Officer Bannick had pulled over the vehicle in the early hours of Tuesday morning and found the passenger with narcotics rolled up in a dollar bill.

After Bannick had brought the passenger to jail, her co-workers began to hear her struggling to breathe over their radios, and rushed to help her.

It is unclear exactly when or how she was exposed to the drug during the stop.

Cops said the individuals who had the narcotics will likely be prosecuted with felony charges after their investigation concludes.

Terrifying footage showed Bannick on the side of a dark road as officers led her wide-eyed and breathless from her car to the sidewalk.

There she fell down on her back as cops tried to soothe her and administered Narcan up her nose, causing her to roll over and vomit on the street.

Later, as they waited for an ambulance, she could be seen leaning on the legs of another officer and breathing heavily, when suddenly her face went blank.

Officers began shouting at her to breathe as they slapped her face to jar her awake and were forced to administer more doses of Narcan before she sprung back to life.

Bannick was taken to a nearby hospital and is expected to recover.

‘She was completely lifeless. She looks deceased in these videos,’ Tavares Police Detective Courtney Sullivan told Fox 35, ‘so she’s very thankful today.’

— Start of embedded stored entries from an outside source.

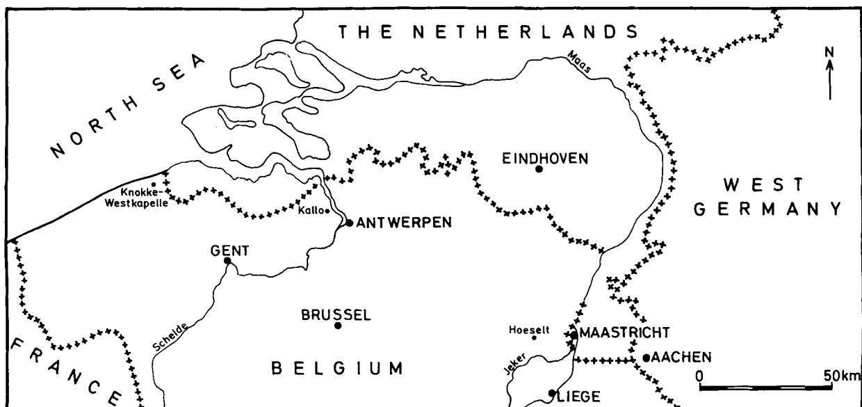
Fig. 1. Map of mentioned localities.

The Van Veen collection only comprises one slide, number 0.1418, labelled as " Krausella minuta Triebel Jekerdal Mc 3° Br. 1. v. St.", and contains one carapace and one right valve. The indications leave no doubt about the stratigraphical origin: the third Bryozoa layer of Staring, within the "Mc"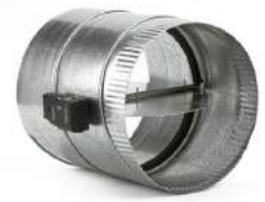
Model: RDP Round Zone Damper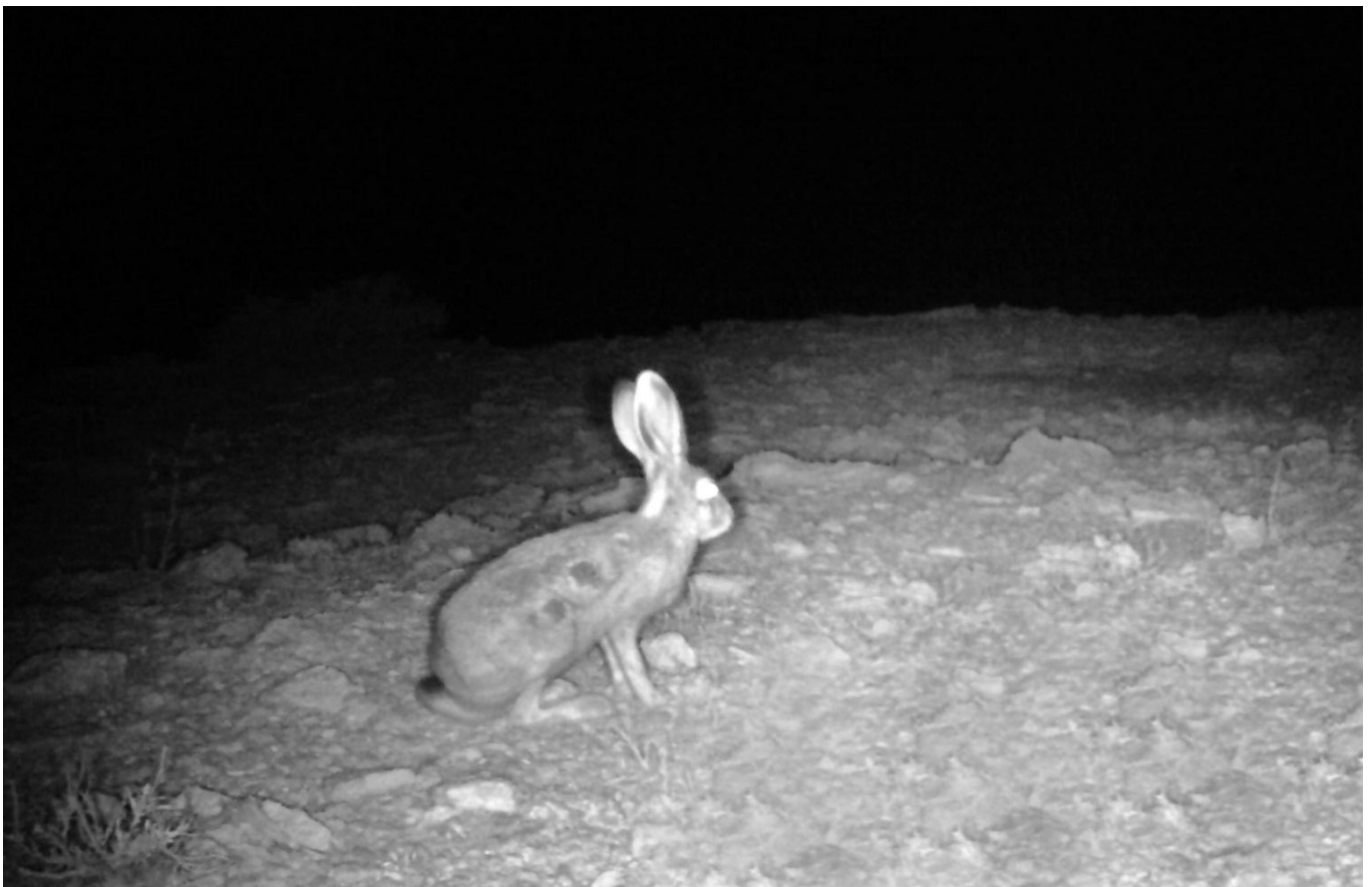
Tolai Hare ( Lepus tolai ) is common inhabitant in the Reserve.

The department said she had been wearing gloves and followed all protocols properly when handling the narcotics.

‘I have done this one-hundred times before the same way. It only takes one time and a minimal amount,’ Bannick after the incident. ‘I’m thankful I wasn’t alone and had immediate help.’

The department said the names of the individuals who were in possession of the narcotics will not be released until they are charged.

Fentanyl has been increasingly used to cut heavy drugs such as cocaine and heroin. The drug binds to receptors in the brain, causing a feeling of numbness, euphoria and sedation.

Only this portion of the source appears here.